I have been reading the paper by Moreni and try to implement the same methodology based on least-square monte carlo for both European and American put options. They payoff function for both these puts is given by $f(t,S_t)=\max(K-S(t),0)$. The only difference is that for American case, we have payoffs in different times from simulations depending on the optimal stopping time.

As usual we have the underlying stock price as geometric brownian motion:

$dS_t = r S_t dt + \sigma S_t dW_t$.

Moreni introduces the change of drift in the underlying:

$dS_t = (r+\theta\sigma )S_t dt + \sigma S_t dW_t$.

When simulating from the drifted process, we have to multiply the PAYOFF functions with the likelihood ratio defined as $L_\theta=\exp\{-\theta W_t+\frac{1}{2}\theta^2 t\}$

so we have $f(t,S_t)=\max(K-S(t),0)\cdot\exp\{-\theta W_t+\frac{1}{2}\theta^2 t\}$

instead of just $f(t,S_t)=\max(K-S(t),0)$

The idea is of course to use negative values for $\theta$ so we get more "in-the money paths".

But when I try to use these modified payoffs with the Longstaff and schwartz algorithm, I don't get any relevant results. The price gets extremly biased whichever value i use for $\theta$.
My question is, should the estimated continuation values in least-square method also be modified with the likelihood ratio? In that case how? Or as mentioned in the article, ONLY the payoff functions be multiplied by the likelihood ratio??

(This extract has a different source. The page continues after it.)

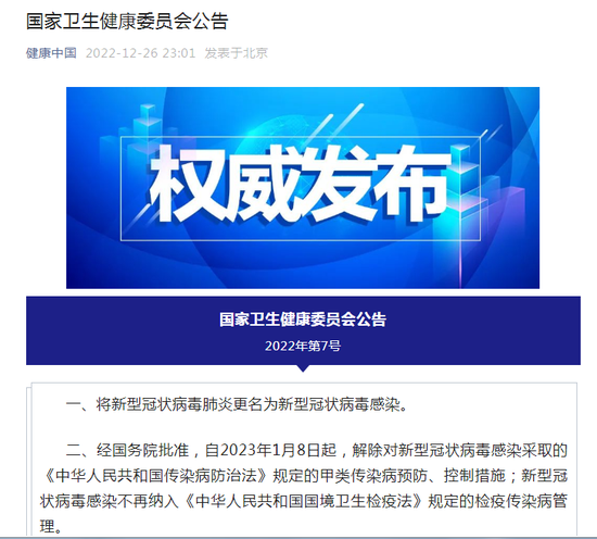 官宣!新冠肺炎更名为新冠病毒感染,1月8日起实施乙类乙管,取消入境后全员集中隔离,恢复中国公民出境游发表时间:2022-12-27 09:34 原标题 官宣!新冠肺炎更名为新冠病毒感染,1月8日起实施“乙类乙管”;取消入境后全员核酸检测和集中隔离,有序恢复中国公民出境游 国家卫健委26日晚发布公告: 一、将新型冠状病毒肺炎更名为新型冠状病毒感染。 二、经国务院批准,自2023年1月8日起,解除对新型冠状病毒感染采取的《中华人民共和国传染病防治法》规定的甲类传染病预防、控制措施;新型冠状病毒感染不再纳入《中华人民共和国国境卫生检疫法》规定的检疫传染病管理。 ![]() 《关于对新型冠状病毒感染实施 “乙类乙管”的总体方案》 解读问答 一、《总体方案》出台的背景是什么? 新型冠状病毒感染疫情发生以来,以习近平同志为核心的党中央高度重视疫情防控,全面加强对防控工作的集中统一领导,坚持人民至上、生命至上,因时因势动态优化调整防控措施,不断提高科学精准防控水平,经受住了全球疫情的多轮冲击,成功避免了致病力相对较强的原始株、德尔塔变异株等在我国的广泛流行,极大减少了重症和死亡,也为疫苗、药物的研发应用以及医疗等资源的准备赢得了宝贵的时间。我国疫情流行和病亡数保持在全球最低水平,人民健康水平稳步提升,统筹经济发展和疫情防控取得世界上最好的成果。 当前,国内外专家普遍认为新冠病毒变异大方向是更低致病性、更趋向于上呼吸道感染和更短潜伏期。奥密克戎变异株成为全球流行优势毒株,虽然感染人数多,但致病力较早期明显下降,所致疾病将逐步演化为一种常见的呼吸道传染病。综合考虑病毒特点、疫情形势、疫苗接种、医疗资源准备和防控经验等因素,我国已具备将新型冠状病毒感染由“乙类甲管”调整为“乙类乙管”的基本条件。我国新型冠状病毒感染疫情防控面临新形势新任务,防控工作进入新阶段。 二、《总体方案》中为何将“新冠肺炎”更名为“新型冠状病毒感染”?出于哪些考虑? 2020年1月20日,经报国务院批准后国家卫生健康委发布公告,将新型冠状病毒肺炎(简称“新冠肺炎”)纳入《中华人民共和国传染病防治法》规定的乙类传染病,并采取甲类传染病的预防、控制措施。当时命名为“新冠肺炎”,主要考虑疫情初期病例大部分有肺炎表现。随着奥密克戎变异株成为主要流行株以后,致病力减弱,仅有极少数病例有肺炎表现。考虑到肺炎仅反映了病毒感染后较为严重的患病状况,不能概括所有感染者临床特征,将“新冠肺炎”更名为“新型冠状病毒感染”,更加符合目前的疾病特征和危害。 三、《总体方案》对“乙类乙管”实施的时间进度安排是什么?如何平稳有序过渡?实施“乙类乙管”后的工作目标将做怎样的调整? 《总体方案》明确指出,2023年1月8日起,对新型冠状病毒感染实施“乙类乙管”。依据传染病防治法,对新冠病毒感染者不再实行隔离措施,不再判定密切接触者;不再划定高低风险区;对新冠病毒感染者实施分级分类收治并适时调整医疗保障政策;检测策略调整为“愿检尽检”;调整疫情信息发布频次和内容。依据国境卫生检疫法,不再对入境人员和货物等采取检疫传染病管理措施。 各地各部门要以习近平新时代中国特色社会主义思想为指导,充分发挥制度优势,坚持人民至上、生命至上,坚持科学防治、精准施策,完善应对准备,调整防控措施,统一规则、分类指导、防范风险,确保平稳有序实施“乙类乙管”。实施“乙类乙管”后,防控工作目标要围绕“保健康、防重症”,采取相应措施,最大程度保护人民群众生命安全和身体健康,最大限度减少疫情对经济社会发展的影响。 四、新型冠状病毒感染实施“乙类乙管”后,主要有哪些应对措施? 一是进一步提高老年人新冠病毒疫苗接种率,在重症高风险人群中推动开展第二剂次加强免疫接种。二是做好新型冠状病毒感染治疗相关药品和检测试剂准备,满足患者用药和检测需求。三是加大医疗资源建设投入,重点做好住院床位和重症床位准备。四是调整人群检测策略,社区居民根据需要“愿检尽检”,不再开展全员核酸筛查。五是根据疾病严重程度,分级分类救治患者。六是做好社区重点人群健康调查和分级服务,摸清辖区65岁及以上老年人合并相关基础疾病和疫苗接种情况,提供分类分级健康服务。七是强化养老机构、社会福利机构、医院、学校、学前教育机构、大型企业等重点机构防控,严防场所内聚集性疫情风险。八是加强农村地区疫情防控,为农村老年人、基础疾病患者等高风险人群提供就医保障。九是强化疫情监测与应对,研判疫情发展态势,依法动态采取适当的限制聚集性活动和人员流动等措施压制疫情高峰。十是倡导坚持个人防护措施,落实每个人都是自己健康第一责任人的理念。十一是做好信息公布和宣传教育,全面客观宣传解读将新型冠状病毒感染从“乙类甲管”调整为“乙类乙管”的目的和科学依据。十二是优化中外人员往来管理,来华人员在行前48小时进行核酸检测,取消入境后全员核酸检测和集中隔离,取消“五个一”及客座率限制等国际客运航班数量管控措施。 五、《总体方案》对进一步推动老年人新冠病毒疫苗接种是如何安排的? 疫苗接种是疫情防控的重要措施之一,是预防重症、减少

Thank you for your patience

PS* Added by request the steps that I use:

  1. Generate $N$-scenarios of the drifted with $\theta$ geometric brownian motion
  2. Save all the standard normal values $Z_t$ from the GBM for use in the likelihood ratio.
  3. Create the likelihood ratio using the $Z_t$'s and for some value $\theta$
  4. Use the likelihood ratio and set $f(t,S_t)=\max(K-S(t),0)\cdot\exp\{-\theta W_t-\frac{1}{2}\theta^2 t\}$ for all paths
  5. Now run the Least-square algorithm from $t=T$ down to $t=0$ to calculate all the continuation values and optimal stopping times.
  6. Take average of all the scenarios.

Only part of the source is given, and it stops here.